The factors that decrease the risks, include pregnancy, breast-feeding, taking the birth control pill and tubal ligation. Germ cell tumours may occur in much younger women- even in children.
How is ovarian cancer diagnosed ?
Your doctor have suspected ovarian cancer after talking with you about your health and completing a physical examination to look for signs of cancer.
A number pf special tests are usually necessary to confirm a cancer diagnosis. They include –
Imaging studies such as x-rays, ultrasound, CT scans and MRIs. They allow organs and tissues to be examined in more detail. They may be uncomfortable, but they are usually painless.
Blood tests show if the different types of blood cells are normal in number and appearance. They show how well your organs are working and may suggest that cancer is present. A blood test that measures a marker called CA-125 is useful.

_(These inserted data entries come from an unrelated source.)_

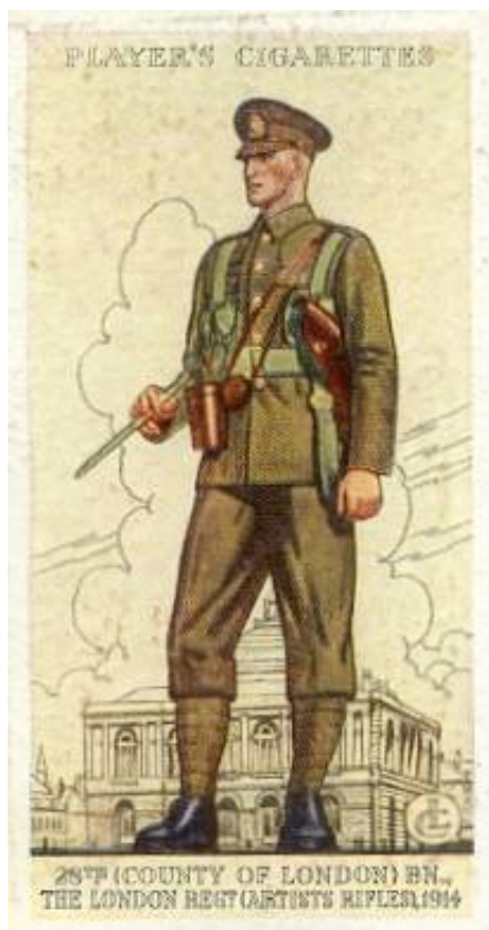
28 th (County of London) Bn. London Regiment (Artists Rifles), 1914.

Kort 30 i Player's cigaretkortserie Uniforms of the Territorial Army, 1939.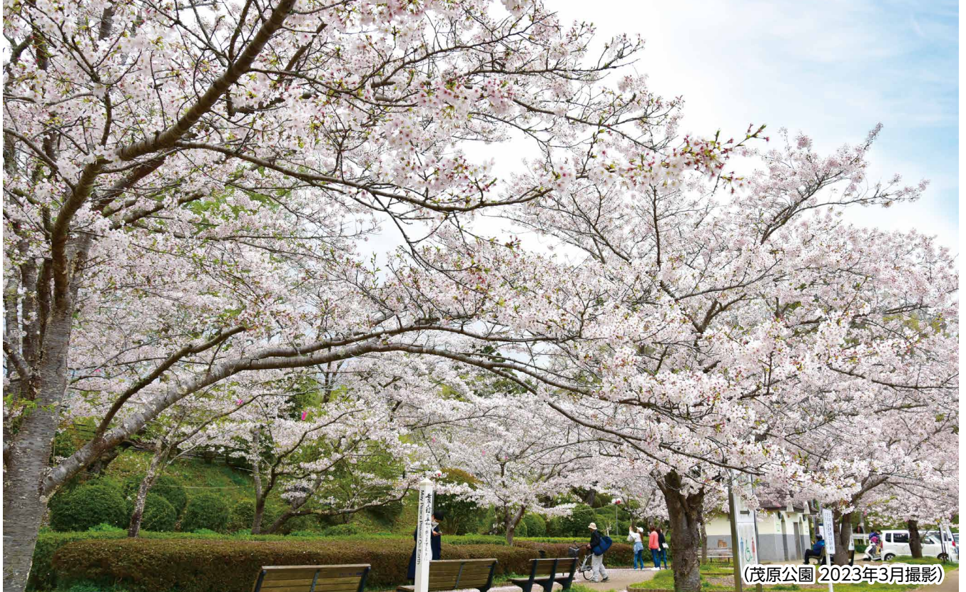
(茂原公園 2023年3月撮影)

商工もばら 第592号 (毎月1回発行) 発行所:茂原商工会議所 茂原市茂原443番地 tel.22-3361(代) 発行責任者:河野万由美 編集責任者:石野 里実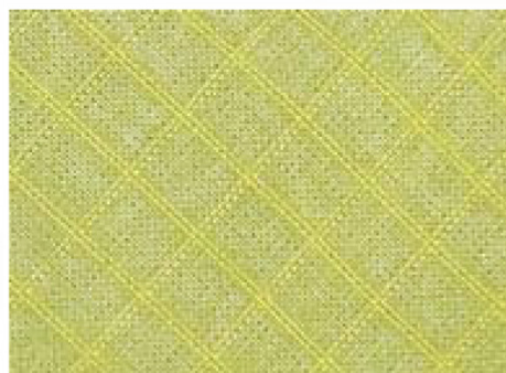
Polyester Rip Stop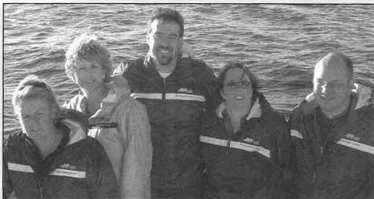
Le conseil d'administration de l'APF 2006-2007

Afin d'assurer le financement adéquat et à long terme de l'ensemble des activités de l'APF, la diversification des sources restera la ligne directrice de la politique de financement du bureau national. Cette stratégie s'est une fois de plus traduite, en 2006-2007, par des demandes de subventions au programme Développement des communautés de langue officielle – volet vie communautaire de Patrimoine canadien, au Fonds du

A biopsy is usually necessary to make a definite diagnosis of cancer. Cells or tissues are removed from the body and checked under a microscope. If the cells are cancerous, they may be studied further to see how fast they are growing. There are many ways to do a biopsy. In the case of ovarian cancer, it may also be necessary for the doctor to examine the tissues around ovaries. This may be done using a small instrument (a laparoscope) under a local anaesthetic or it may require surgery to open the abdomen (a laparotomy) under a general anaesthetic.